> TASK OBJECTIVE
Look below for the line with "我們需要回到班級群,在班級群"; begin the copy there and stop after the line with "Stiklinės taurės su", keeping the text exact and the pictures out.

> EXERCISE INPUT
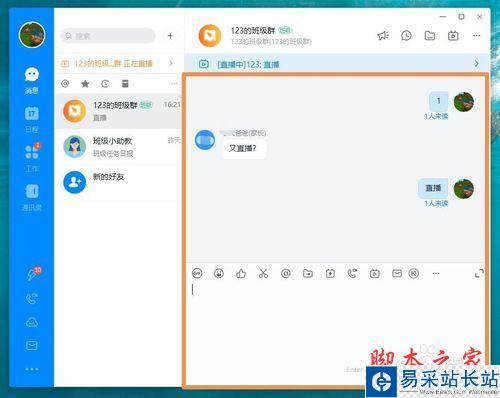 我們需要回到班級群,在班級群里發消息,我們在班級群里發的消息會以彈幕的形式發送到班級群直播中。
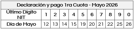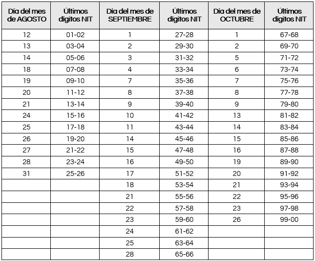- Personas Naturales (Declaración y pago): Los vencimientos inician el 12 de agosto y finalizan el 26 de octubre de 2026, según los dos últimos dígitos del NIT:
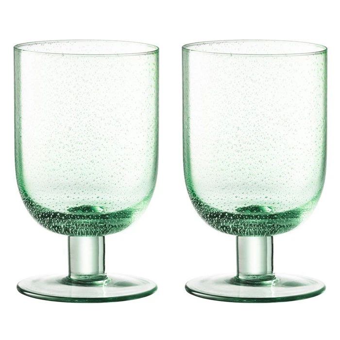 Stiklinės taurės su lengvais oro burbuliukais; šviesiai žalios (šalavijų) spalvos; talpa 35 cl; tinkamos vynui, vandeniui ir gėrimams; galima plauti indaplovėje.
---
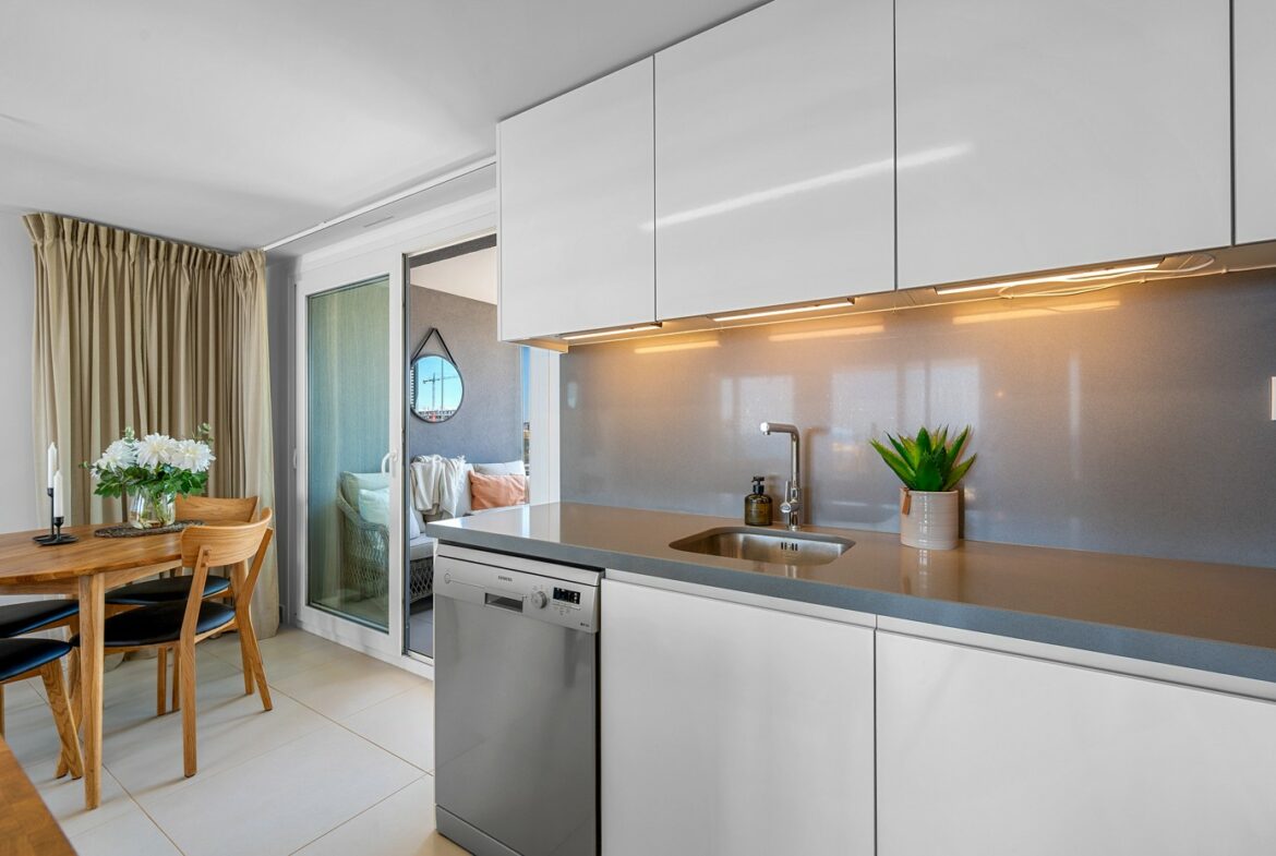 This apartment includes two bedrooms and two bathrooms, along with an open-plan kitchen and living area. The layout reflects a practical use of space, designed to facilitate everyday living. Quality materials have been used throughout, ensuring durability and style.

> RESULT OF THIS EXERCISE
 我們需要回到班級群,在班級群里發消息,我們在班級群里發的消息會以彈幕的形式發送到班級群直播中。
- Personas Naturales (Declaración y pago): Los vencimientos inician el 12 de agosto y finalizan el 26 de octubre de 2026, según los dos últimos dígitos del NIT:
 Stiklinės taurės su lengvais oro burbuliukais; šviesiai žalios (šalavijų) spalvos; talpa 35 cl; tinkamos vynui, vandeniui ir gėrimams; galima plauti indaplovėje.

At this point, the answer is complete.